L’IRA, un facteur de mauvais pronostic en chirurgie d’urgence

La chirurgie d’urgence (CU) pratiquée sur des patients affaiblis et non préparés, dans des conditions souvent non optimales et souvent la nuit, est associée à une mortalité 6 à 8 fois supérieure à celle d’interventions similaires pratiquées à froid. Les complications sont également plus fréquentes.

Parmi celles-ci, l’insuffisance rénale aiguë (IRA), qui accompagne volontiers les  maladies graves, et est un des éléments de la défaillance polyviscérale, conduit à une mortalité accrue. Des auteurs de Boston ont cherché à démontrer que le risque d’IRA était majoré en cas de CU.

Pour ce faire, ils ont repris les dossiers des patients admis en soins intensifs entre 1997 et 2012 dans 2 hôpitaux et identifié ceux qui avaient bénéficié d’une intervention abdominale en urgence parmi les 7 plus fréquentes : appendicectomies, cholécystectomies, occlusions sans résection, laparotomies d’exploration, colectomies, complications des ulcères duodénaux, résections du grêle.

Une complication plus fréquente

L’IRA, 1er critère de jugement, a été définie et classée (en 3 stades) en fonction des chiffres de la créatinine, comparés aux chiffres préopératoires, selon que ceux-ci étaient multipliés par 1,5 (classe I), par 2 (classe II) ou par 3 (classe III). Le 2ème critère de jugement a été la mortalité globale à 90 j. Le suivi est d’au moins un an.


Les patients souffrant d’une insuffisance rénale chronique connue et ceux dont l’état ne s’est dégradé que > 48 h après l’hospitalisation ont été exclus.

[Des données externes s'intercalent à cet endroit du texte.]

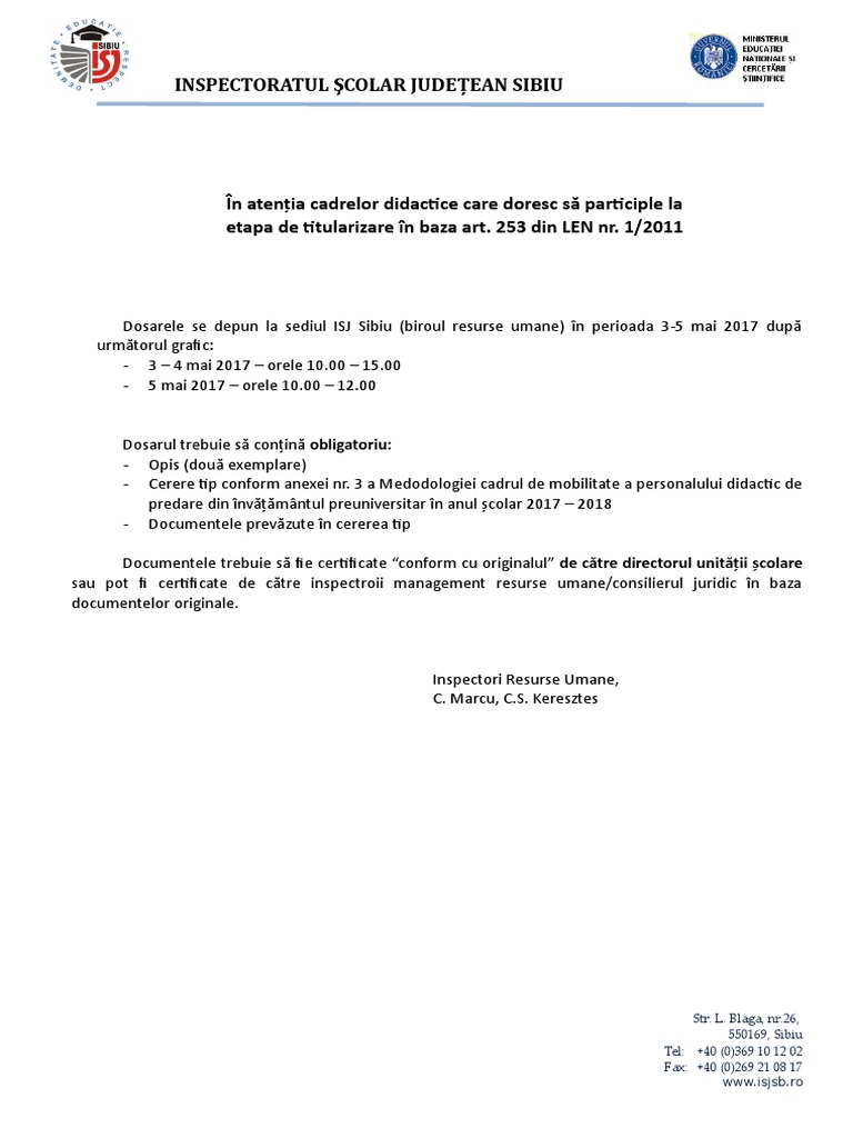 Titularizare In Baza Art 253 Din Legea Nr 1 2011 A Educatiei

Au total sur 59 604 patients (59 % hommes, 78 % Blancs) admis en soins intensifs pendant la période considérée, 1 758 (2,9 %) avaient bénéficié d’une CU. Le risque d’IRA apparaît significativement accru chez ces malades ayant eu une CU (Odds Ratio ajusté : 1,7 ; intervalle de confiance à 95 % : 1,40 – 1,94 ; p<0,001) et le besoin d’épuration extrarénale (EER) est également augmenté (OR 1,8 ; IC 1,37-2,46, P < 0,001). Ces patients opérés en urgence et ayant développé une IRA ont par ailleurs une mortalité à 90 jours multipliée par trois et un besoin d’EER multiplié par 4,5 par rapport aux patients qui n’ont pas développé d’IRA.

La chirurgie d’urgence augmente donc le risque de défaillance rénale aiguë, qui à son tour augmente celui de décès.

Dr Jean-Fred Warlin

Référence
Briggs A et coll. : Acute kidney injury predicts mortality in emergency general surgery patients. Am J Surgery, 2018; 216: 420-426.